Hazreti Ömer, Resûlullahı
canından daha çok sevdiğini yemîn ile söylemiştir.
Hazreti Osman ve Hazreti Ali’nin
de Resûlullaha olan sevgi ve muhabbetleri malumdur. Hazreti Ali’den
şöyle bildirilmiştir: “Vallahi, Resûlullah bize, mallarımızdan,
çocuklarımızdan, babalarımızdan ve analarımızdan, hararetten yanan
ciğerlerin serin suya olan iştiyâklarından daha sevgilidir ve
kıymetlidir.”
Amr bin As (radıyallahü anh)
şöyle buyurmuştur: “Hiçbir kimse bana Resûlullahtan daha sevgili
olmamıştır.”
Resûlullah efendimize sevginin
alâmeti, Resûlullaha hürmet ve tazim, O’nun ümmetine şefkat,
sâlihlerine iyilik etmek, onlara nasîhatte bulunmak, onlara
faydalı olup, zararları onlardan def etmektir.

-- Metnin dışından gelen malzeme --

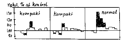 Bilag 15-1. Vækststof (auxin)-aktivitet, illustreret ved søjlehøjde, i skud af normal og kompakttyper af 'Cortland', vist ved Avena-internodie-vækst efter kromatografisk adskillelse. Efter Jindal et al. (1974).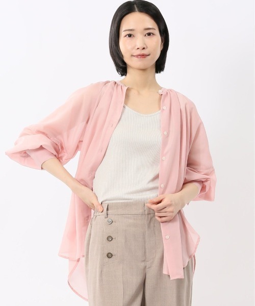 エムエフエディトリアルレディース/m.f.editorial:Womenラグランギャザー シアー長袖シャツ■素材特徴暑い時期も涼しく着ていただける、透け感のあるシアー素材を使用しています。空気のようなふんわり軽い着心地が特徴です。■機能【マシンウォッシャブル】洗濯機で洗えます。(要ネット・標準水流)【吸汗速乾】汗を素早く吸収して乾かし、サラッとした着心地をキープ。■デザイン前開きタイプのロングシャツです。抜け感のあるバンドカラー、袖口のカフス仕様、肩幅を気にせず着用できるラグランスリーブがポイント。ボタンを留めて着たり、シャツアウターとして羽織ったり、その日の気分やコーディネートに合わせて楽しめます。■シルエット身体のラインを拾わないゆるやかなシルエットです。長めの着丈なので、気になる背中やウエスト、ヒップラインを隠しつつお洒落に体型カバーが可能です。■コーディネート綺麗目なタックパンツや細身のテーパードパンツに合わせるとバランス良くまとまります。ネックレスなどアクセサリーを首元に輝かせるのもおすすめ。普段使いからオフィスカジュアルまでオンオフ兼用で大活躍してくれます。フィット感:ややゆったりシーズン:春夏展開カラー:黒(無地)・グレー(無地)・ピンク(無地)*アテンションタグ・洗濯ネームを御確認の上、着用又は取り扱い下さい。*光の当たる場所や高温多湿になる場所での保管は避けて下さい。*使用の有無に関わらず、経年劣化は進行いたしますのでご了承下さい。*生地の裁断・縫製方法により、写真と同様の柄が出ない場合がございます。*閲覧デバイス・環境により質感・色味に誤差が生じる場合がございます。* ZOZOTOWN お買い物ガイド・商品のお気に入り登録ハートマークをクリックしましょう!完売カラーの再入荷通知や、ラスト1点の通知、セールの通知をお知らせします。・ブランドのお気に入り登録新商品や再入荷など、いち早くお得な情報を受け取ることができます。・最短で翌日お届け商品をカートに入れた後、注文内容の確認ページで「即日配送」を選択していただければ、最短でご注文した翌日にお届け致します。(ZOZOTOWNお買いものガイドをご参照ください)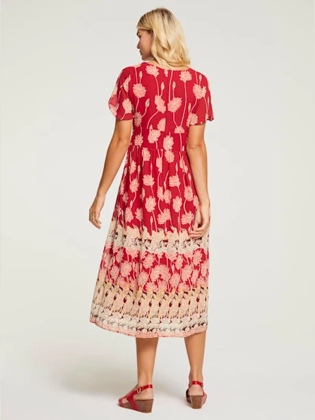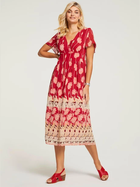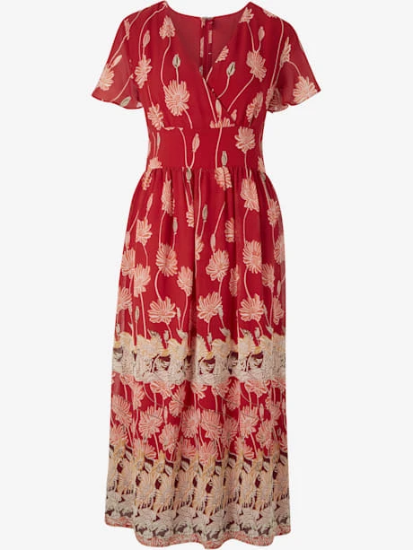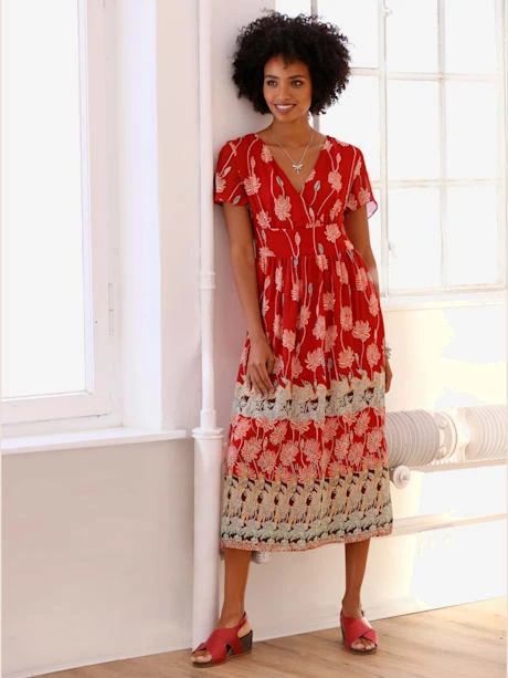 Robe imprimée en qualité fluide et légère, joli motif floral. Coupe princesse, haut flatteur, couture sous la poitrine et jupe évasée. Encolure en V, manches courtes et glissière discrète.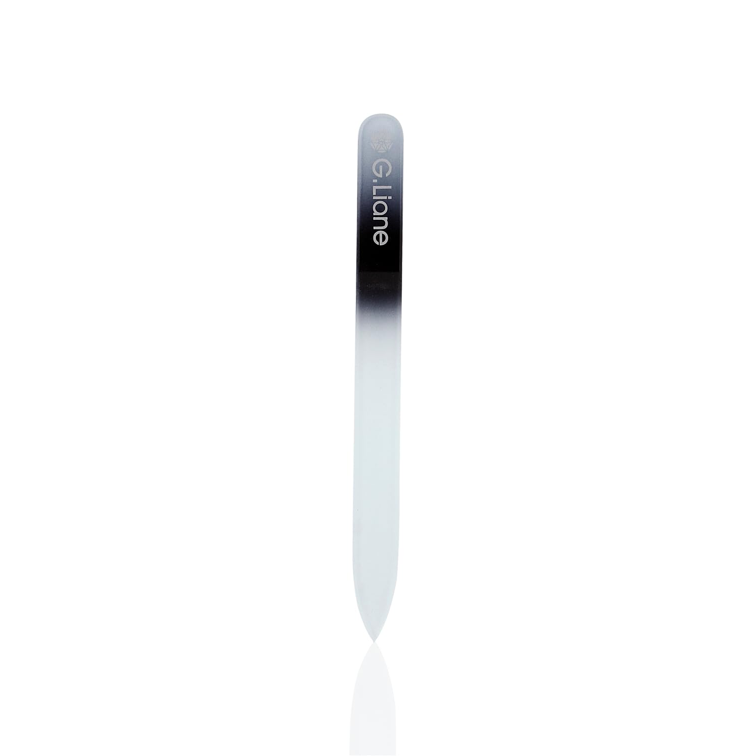 G.Liane Glass Nail File, Professional Crystal Glass Nail File with Case, Double-Sided Etched Glass Nail File for Manicure (Rainbow Black)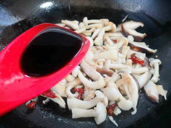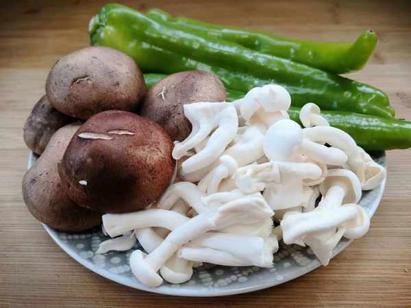 食材:青椒、白玉菇、香菇、蒜末、干辣椒、盐、生抽、胡椒粉。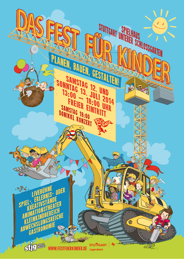 Unter dem Motto “Planen, Bauen, Gestalten!” präsentieren die Stuttgarter Jugendhaus Gesellschaft (stjg) und das Jugendamt zum 17. Mal “Das Fest für Kinder”. Am 12. und 13. Juli verwandelt sich das Gelände rings um das Spielhaus im Unteren Schlossgarten in eine große, kreative Baustelle. Zwei Tage lang können Familien bei freiem Eintritt zwischen 13 und 18 Uhr mit ihren Kindern nach Herzenslust buddeln, baggern und bauen.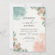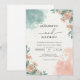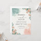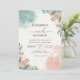 Tvättad korall- och tealblomsterbåge bröllop inbjudningar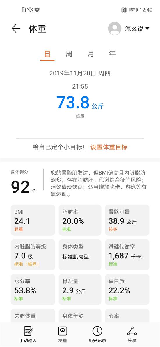 点击完成后,我们就可以正式开始荣耀智能体脂秤2的“智能”体验。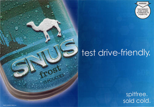 Two page magazine ad in promotion of Frost flavored Camel Snus, featuring a large image of the tin package on the left side of the ad. The tin is covered with beads of water, a reference to the fact that the product is sold cold. On the right page of the ad are the words: "test drive-friendly. spitfree. sold cold."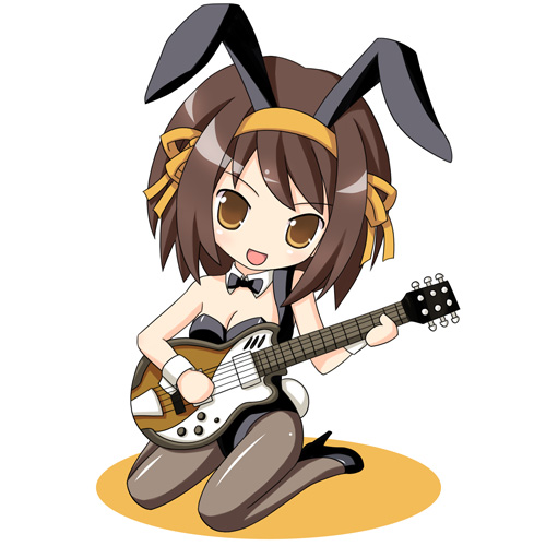 00s1girlanimal earsbreastsbrown eyesbrown hairchibifake animal earsfemale focusfull bodyguitarhairbandinstrumentpantyhoseplayboy bunnyrabbit earssimple backgroundsolo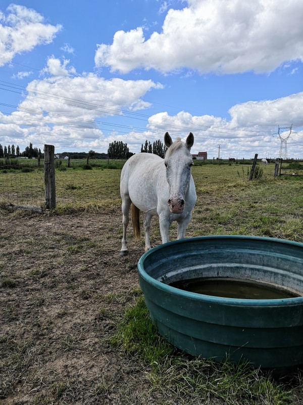 Le seul soucis à présent pour le pré, c'est que dans une pâture qu'il faut traverser il y a des chevaux qui vont toujours à notre rencontre, et qui veulent taper (ou que Bella veut taper s'ils rentrent dans ses fesses). Forcément ils ne se connaissent pas... Donc c'est un peu embêtant, je n'ai pas envie de me prendre un coup de pied. ^^'

Resûlullahı
sevenlerden olanlara, O’nun emirlerine uyup, yasaklarından
kaçanlara, gerek sıkıntı ve gerekse genişlik zamanlarında O’nun
âdabı ile edeblenenlere, O’nun emrettiklerini nefsinin arzu ve
isteklerine tercih edenlere, Allah için sevinip, Allah için
sevenlere, O’nun sünneti ile amel etmeye devam edenlere, şehvetinin
isteğinin aksine, Resûlullahın sünnet-i seniyyesi istikâmetinde
gidenlere, O’nun sünnet-i seniyyesini (dinin emir ve
yasaklarını) öğrenen ve onlarla amel edenlere, O’nun ahlâkı ile
ahlâklananlara, O’nun sevdiklerini sevenlere, Resûlullahın Ehl-i
beytine ve Eshâb-ı kirâma hürmet edip onları sevenlere, bidatlerden
ve bidat ehlinden uzak kalanlara ne mutlu...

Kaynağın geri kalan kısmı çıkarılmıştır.